Al finds a crevasse with a cave on the walls. Inside the cave he finds something that resembles human bones and an aged parchment showing dark images and strange pictographs. During the nights, the ion storm of the century is gathering and the crew starts to experience horrible night terrors, causing them to go increasingly anxious and insane with paranoia. Soon, Rune investigates the bones and the cave discovering that there might have been an ancient renegade tribe who committed cannibalism and worshiped a vicious entity known as the Wendigo.

Soon, things escalate drastically as Tully commits suicide, Alistair becomes insane with paranoia believing that Rune killed Nova and Al is possessed to build a grotesque effigy made out animal bones and human body parts and plans to sacrifice Nova in order to release the Wendigo from beyond the aurora rift.

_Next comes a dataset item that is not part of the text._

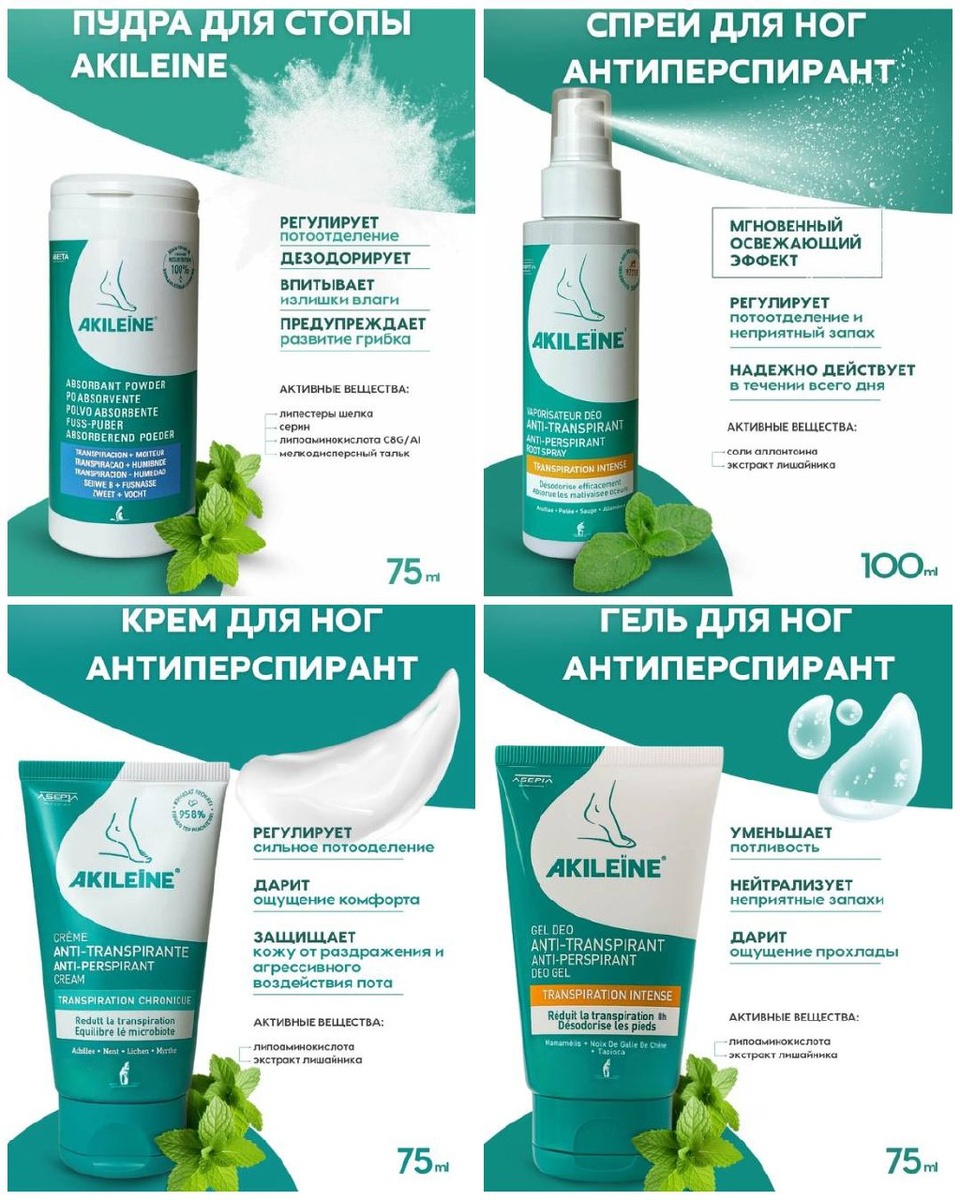 Гипергидроз стоп требует не просто маскировки симптомов, а создание неблагоприятной среды для патогенной микрофлоры. Важную роль играет домашний уход. Грамотно подобранные профессиональные средства позволяют эффективно регулировать потоотделение и устранять дискомфорт, а также помогают предотвратить сопутствующие проблемы (неприятный запах, грибковые поражения). На фото — проверенные решения, которые я рекомендую своим клиентам. Akileine (Монако) 1. Пудра для стоп 2. Спрей для ног Антиперспирант 3. Крем для ног Антиперспирант 4. Гель для ног Антиперспирант Footura (Россия) 1. Крем для ног Антиперспирант 2. Нормализуюший антиперспирант для ног 3. Спрей для ног Антиперспирант Наутилус (Россия) 1. Лосьон спрей Антигрибок для гигиенической обработки стопы и обуви Podiafarm (Россия) 1. Крем с тальком 100 мл / 250 мл 2. Микротальк 25 гр / 50 гр Готова подробно рассказать о каждом средстве, помочь с выбором исходя из ваших особенностей иуточнить актуальную стоимость. Для этого напишит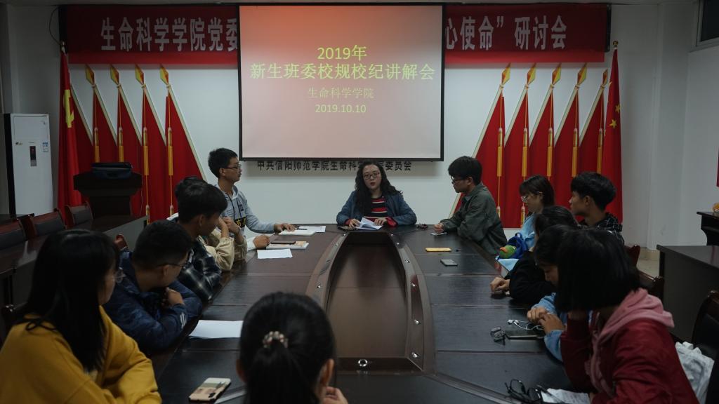10月10号,我院于生物楼412会议室召开2019年新生班委校规校纪讲解会。我院团委书记熊蕾与2019级各班班长及团支书共同参加此次会议,会议由熊蕾主持。

Rune manages to stop the ritual, leaving only him and Nova as the last survivors. They drive off to Thule past a polar bear who looks at them curiously, revealing that the Wendigo's evil has truly been vanquished.

== Gameplay ==

Alpha Polaris is a 2.5D point-and-click adventure. Geometrically modeled 3D characters act in front of pre-rendered backgrounds. The game world is divided into individual game screens through which the player can navigate using the mouse. Also with the mouse the player can interact with the gameworld, examine its elements, pick up objects and apply them to elements of the game world or other objects and interact with NPCs. Conversations with NPCs take place as multiple choice dialogues.

== Development ==

Alpha Polaris was developed using the Wintermute game engine.